India has launched a duty-free trade agreement with the UK, providing access for 99% of Indian exports. Meanwhile, the smartphone market faces a 10-12% shipment drop due to rising costs, and direct tax collections have climbed by 16%.
The Comprehensive Economic and Trade Agreement between India and the United Kingdom officially took effect on July 15, 2026. This pact allows 99% of Indian exports to enter the British market without customs duties. Key sectors expected to see potential benefits include textiles, footwear, and processed food products. For Indian exporters, this agreement removes price barriers that previously made these goods less competitive in the UK.
While exports may see a boost, the agreement also lowers tariffs on specific British goods entering India, such as premium automobiles and alcoholic beverages. Furthermore, the pact includes provisions to simplify social security arrangements for Indian professionals working in the UK, which may benefit the IT and services sector.

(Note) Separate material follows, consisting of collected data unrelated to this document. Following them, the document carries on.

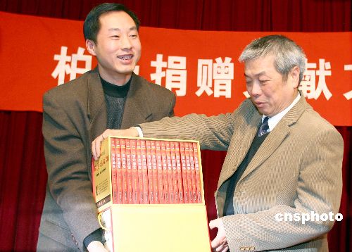 資料圖:2007年2月6日,“柏楊捐贈文獻文物入藏新聞發(fā)布會”在北京中國現(xiàn)代文學(xué)館舉行,中國現(xiàn)代文學(xué)館館長陳建功(右)代表文學(xué)館現(xiàn)場接受了捐贈的《柏楊版資治通鑒》。 中新社發(fā) 廖文靜 攝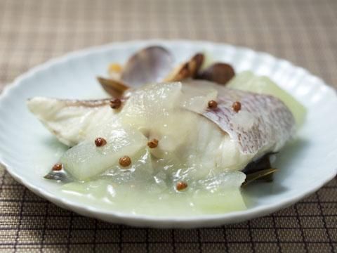 白身魚は水分代謝をよくし、良質なたんぱく質やビタミンが豊富。冬瓜は余分な水分を排出するほか、体の熱・ほてりをとり、喉の渇きを癒します。お腹を温める花椒を加えると、除湿効果がさらに高まり、冬瓜の涼性を緩和します。夏バテ解消にも最適、見た目にも涼しげなひと皿です。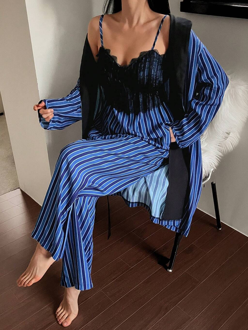 3pcs/Set Striped & Lace Patchwork Robe, Camisole, And Pants Women Sleepwear Set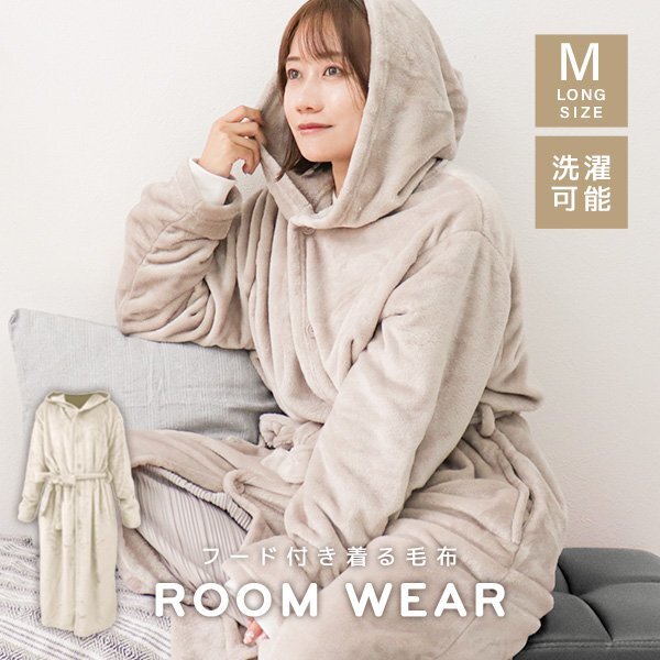 - 着る毛布 フード付き Mサイズ ロング ルームウェア 洗える あったか かいまき毛布 部屋着 パジャマ おしゃれ レディース メンズ 北欧 厚手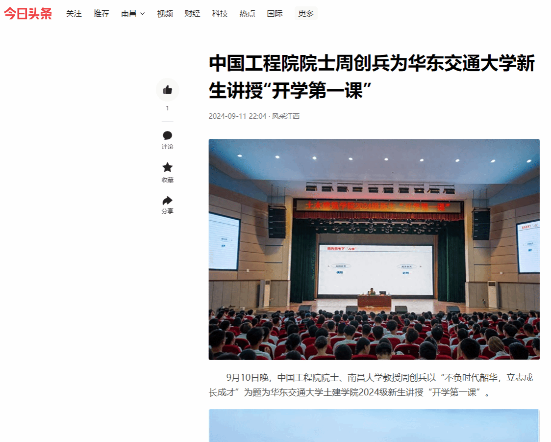 9月10日晚,中国工程院院士、南昌大学教授周创兵以“不负时代韶华,立志成长成才”为题为香港最新最准资料库土建学院2024级新生讲授“开学第一课”。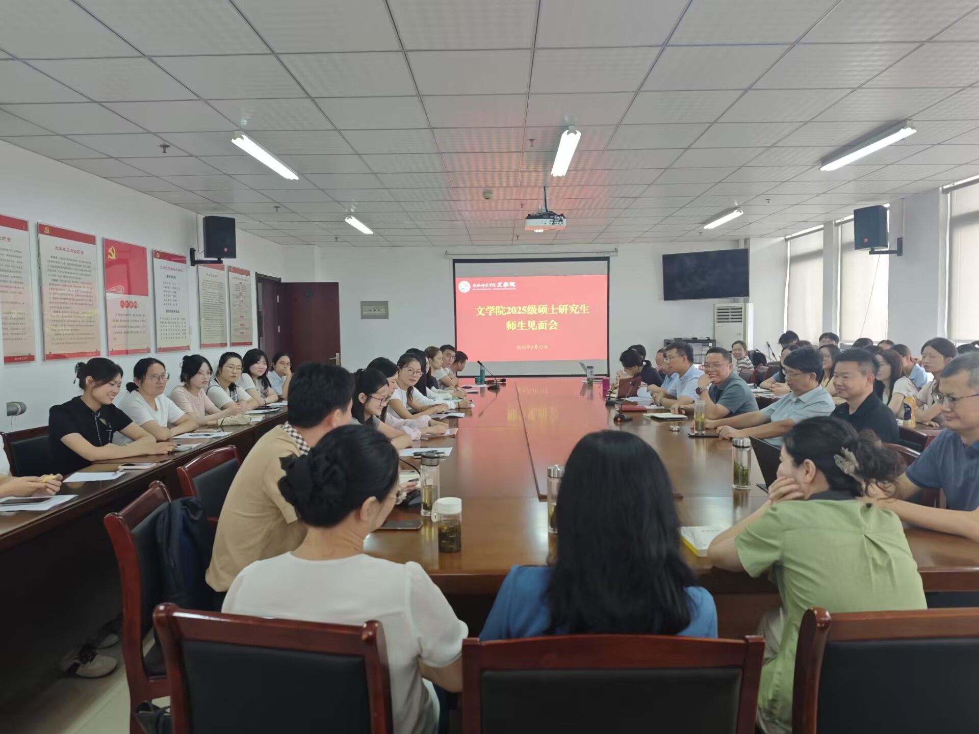 2025年9月12日,beat365中文唯一官网在锦绣校区行知楼802会议室举行2025级学科教学(语文)研究生新生见面会。学院党委书记许锃、院长何旺生、党委副书记夏娟、副院长甘松,部分研究生导师、辅导员疏淑进以及全体研究生新生参加见面会。会议由许锃主持。

Smartphone Market Contraction and Pricing Pressure
While trade prospects look positive, India's smartphone industry is experiencing its toughest phase since the pandemic. Shipments are projected to fall by 10% to 12% for the April-June quarter. The primary cause is a rise in the cost of memory components, which has forced manufacturers to increase handset prices by about 15%. This shift is hitting the entry-level segment the hardest, as price-sensitive consumers are delaying purchases or opting to keep their current devices longer. Investors in this sector may track whether companies can manage their profit margins effectively if these high costs continue.
Government Revenue Growth Momentum
On the fiscal front, government collections remain strong. Net direct tax revenue increased by more than 16% between April 1 and July 15, 2026. Corporate tax receipts have been a major driver, rising 22% and contributing ₹2.4 lakh crore to the total. With net direct tax collections now exceeding ₹6.5 lakh crore, the government is on track to meet its annual target of ₹26.97 lakh crore. This stable tax inflow is a key indicator of health for the broader corporate sector.
Volkswagen India Strategic Focus
Regarding the automotive sector, Volkswagen Group has indicated that its global strategy through 2030 will not change its path in India. The company plans to focus on local manufacturing rather than relying on high-cost imports. By utilizing shared vehicle platforms, the company aims to produce cars specifically for the Indian market and for export. Investors may monitor how this shift toward local manufacturing affects the company’s operating margins and its ability to compete with larger players in the Indian passenger vehicle space, especially as the company plans to place more scrutiny on low-volume, imported niche models.